Parametric Estimation of Entropy Using High Order Markov Chains for Heart Rate Variability Analysis

The aim of this study is to investigate the parametric estimation of entropy and entropy rate of Heart Rate Variability (HRV) series, through the usage of Higher Order Markov Chain (HOMC) models. In HOMCs, the dynamic depends on an arbitrary number of previous steps, and not just the present state as in traditional Markov chains. After obtaining the transition probabilities, entropy and entropy rate were derived in terms of the stationary distribution. First, we empirically confirmed the convergence of the estimated values to the theoretical ones, by creating synthetic signals from HOMCs with known characteristics.
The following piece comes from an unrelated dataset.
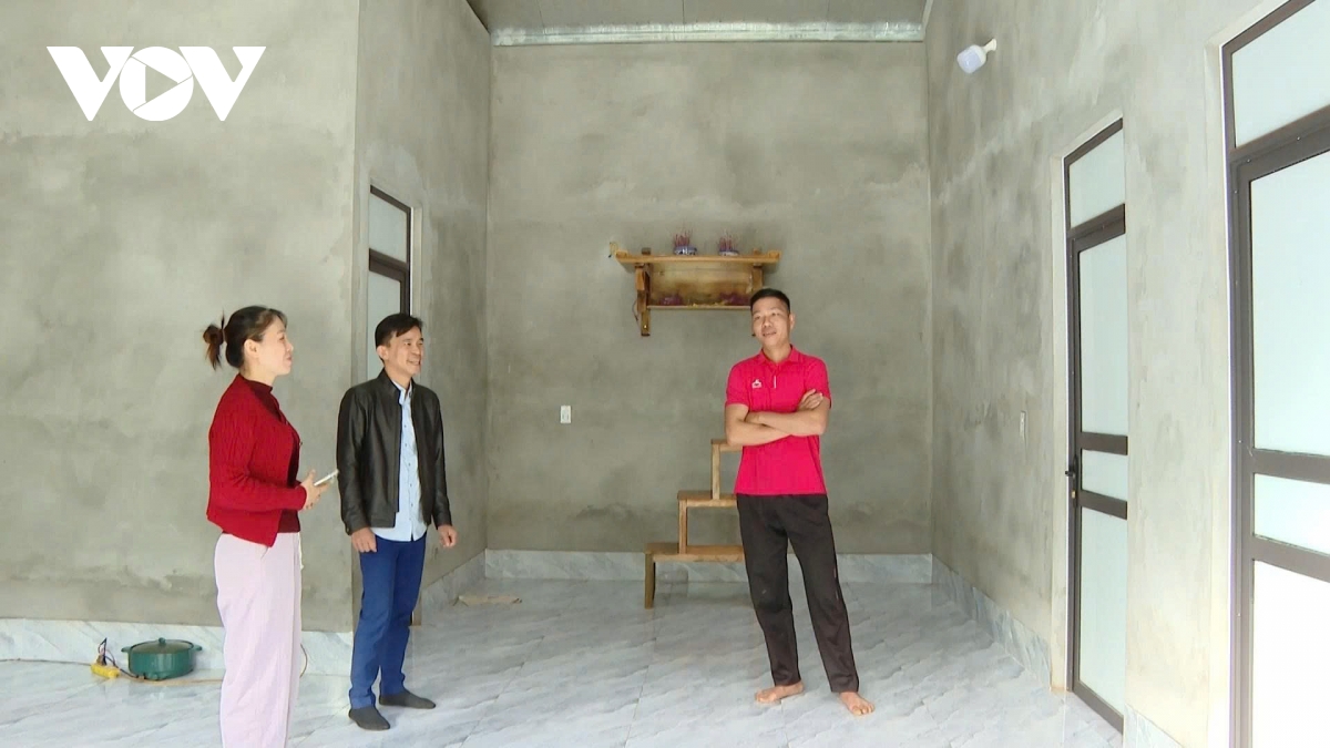 Các cháu nhỏ háo hức cùng bố mẹ dọn dẹp, trang trí để chuẩn bị đón Tết đầu tiên trong ngôi nhà mới: “Năm nay được Nhà nước hỗ trợ làm nhà mới để đón Tết, gia đình tôi rất vui. Con cái hào hứng lắm. Gia đình cũng đã thoát nghèo, chúng tôi sẽ cố gắng hơn nữa để phát triển kinh tế", anh Tuế phấn khởi.

Then, we tested the methodology on HRV series derived from long-term recordings of 44 patients affected by congestive heart failure and 54 normal controls. After quantization of RR series with three different strategies, metrics were estimated varying the HOMC order (up to 7) and the number of samples. As no gold standard was available, we measured the capability of entropy and entropy rate of discriminating among the two populations considered, using a support vector machine model (k = 5 fold validation). On synthetic series, the estimation error was marginal when N > 200 and smaller when the MCs were tightly connected. The classification averagely scored an accuracy of about 80% in distinguishing normal and CHF patients, with a maximum value of 86.7% (AUC = 0.92).